15. Delivery of Prospectuses. We also confirm that we will take reasonable steps to provide the preliminary prospectus or the Prospectus to any person making written request therefor to us and to make the preliminary prospectus available to each person associated with us expected to solicit customers’ indications of interest for the Units prior to the effective registration date and the Prospectus if he is expected to offer the Units after the effective date. We understand that you will supply us upon our request with sufficient copies of such prospectuses to comply with the foregoing.
16. Governing Law. This Agreement shall be governed and construed in accordance with the laws of the state of New York, without reference to the choice-of-law principles thereof.
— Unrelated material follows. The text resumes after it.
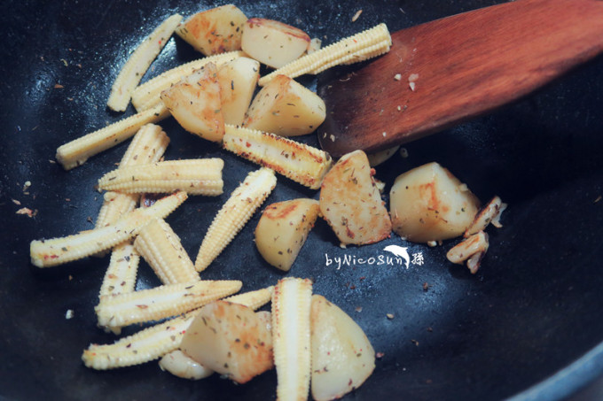 放入玉米筍拌炒.撒上迷迭香料.少許鹽巴調味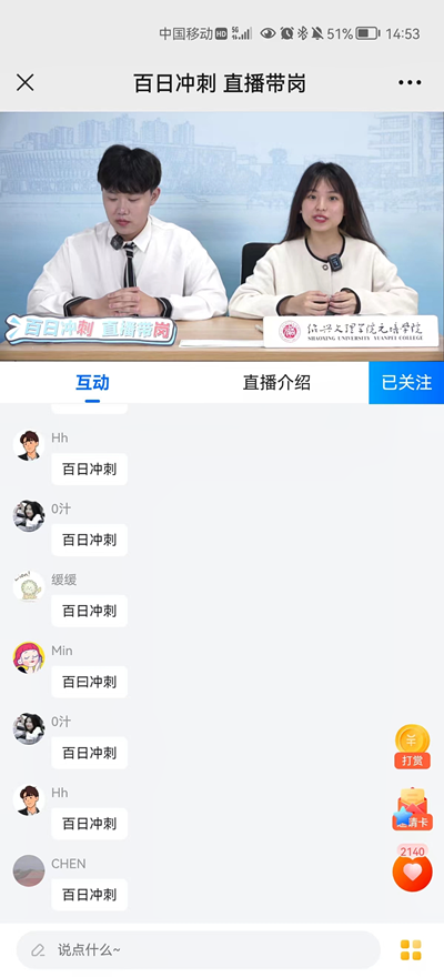 本次直播带岗活动学院邀请到赤霄科技、朗通医疗、秒优科技、玩到云端、乐玛王国等杭州五家企业,企业HR现场连线为直播间毕业生们进行企业介绍和岗位宣讲。招聘岗位以理工类为主,涵盖信息技术、机械电子、经贸营销、服装设计等专业,提供岗位数量80余个,吸引了近200余名“粉丝”进入直播间观看。

17. Non-Exclusivity. Each of the parties acknowledges and agrees that this Agreement and the arrangements described herein are intended to be non-exclusive and that each of the parties is free to enter into similar agreements and arrangements with other entities.
18. Entire Agreement. This Agreement contains our entire understanding with ICMI with respect to the subject matter contained herein and supersedes all previous agreements and/or understandings between the parties.
This Agreement is being executed by us and delivered to you in duplicate. Upon your confirmation hereof and of agreements in identical form with each of the other Underwriters, this Agreement shall constitute a valid and binding contract between us.
Very truly yours, | ||
By | /s/ Xxxxx X. Xxxxxxxxx | |
Xxxxx X. Xxxxxxxxx | ||
Xxxxx X. Xxxxxxxxx/Managing Director | ||
October 19, 2022 | ||
Please indicate your firm name and address below exactly as you wish it to appear in the Prospectus.
StoneX Financial Inc.
000 Xxxx Xxxxxx, 00xx Xxxxx
Xxx Xxxx, XX 00000
Confirmed as of the date set forth at the head of this Agreement.
First Trust Portfolios L.P.
By | /s/ Xxxxx X. Xxxxx | |
Xxxxx X. Xxxxx | ||
Chief Financial Officer | ||
Acting severally on its own behalf and on behalf of the other several Underwriters named in the Prospectus.